Sei que apesar de não ser um ataque ofensivo tem poder de luz, o sol que está em mim ainda existe, assim como na joia.

A pedra chega perto de mim e começo a cobrir ela com energia, e ela se desmancha, começa a virar um pó brilhoso, com cores douradas, e ali se revela uma pedra, porém não a enxergo. Ela sobe a minha cabeça e solta um brilho ofuscante.

Uma enorme energia é libertada e a joia retorna a minha mão. Por um instante não sei o que faço, olho apenas para a minha conquista. Uma pedra com cores negras, contornada de um brilho solar.

Uma voz canta em minha cabeça: "Isso é a energia negra que existe em todos os lugares inclusive na mais imensa luz." Meus olhos se fecham e me viro para trás, sinto uma energia reconfortante.

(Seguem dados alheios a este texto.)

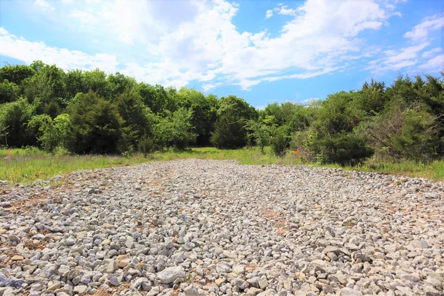 We cleared all of the brush (leaving trees 6 in diameter), performed stump grinding, set a driveway with a road base and gravel finish, and roughly grade the land. The county has installed a tinhorn culvert for drainage at the road.

Vejo Camilla, ela está sentindo o mesmo. De repente quando ela abre seus olhos ela diz:

–Stella, por mais que eu te odeie, sou de Solaria também, se você morrer, eu também irei. Não poderia te mentir sobre isso. E apesar de ter sido um monstro eu quero agradecer por me salvar. -Ela fala tentando emitir um som de superioridade em sua voz.

–Não precisa agradecer, na verdade eu que deveria estar falando obrigado, sem você não teria essa joia. -Tento ser sincera.

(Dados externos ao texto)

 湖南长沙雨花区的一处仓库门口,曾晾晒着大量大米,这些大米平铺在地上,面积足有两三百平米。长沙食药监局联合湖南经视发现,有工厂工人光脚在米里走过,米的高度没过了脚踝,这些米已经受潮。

–Eu sei. -Em um tom de confiança ela fala.

–Mas como você pegou a maldição?- Tento indagar.

–Essa pedra continha a maldição, mas só a família real poderia a pegar. Dizia na parede da caverna até sua amiguinha ruiva tentar destruir tudo antes de vocês chegarem. Pois é, eu falhei não sou da família real mas pensei que iria conseguir, porque sempre fui mais forte que você. -Em um tom de ironia ela me deixa irritada.

–Stella! -Ouço um grito de 4 amigas furiosas.

–A Bloom, salve ela logo. — Tecna berra.

–Ah, sim, quase esqueci... -Concordo.-DIAMANTE DE LUZ. -Grito.

Acerto as correntes que prendem Bloom a libertando, portanto ela continua fraca. Flora e Musa a seguram, teremos de voltar. Cammila se transforma em uma fada enchantix e seguimos para a saídada caverna.

No caminho os dois monstros restantes estão de pé novamente, lançam pedras em nossa direção. Apesar da tentativa de atacar Aisha falha e é levada ao chão.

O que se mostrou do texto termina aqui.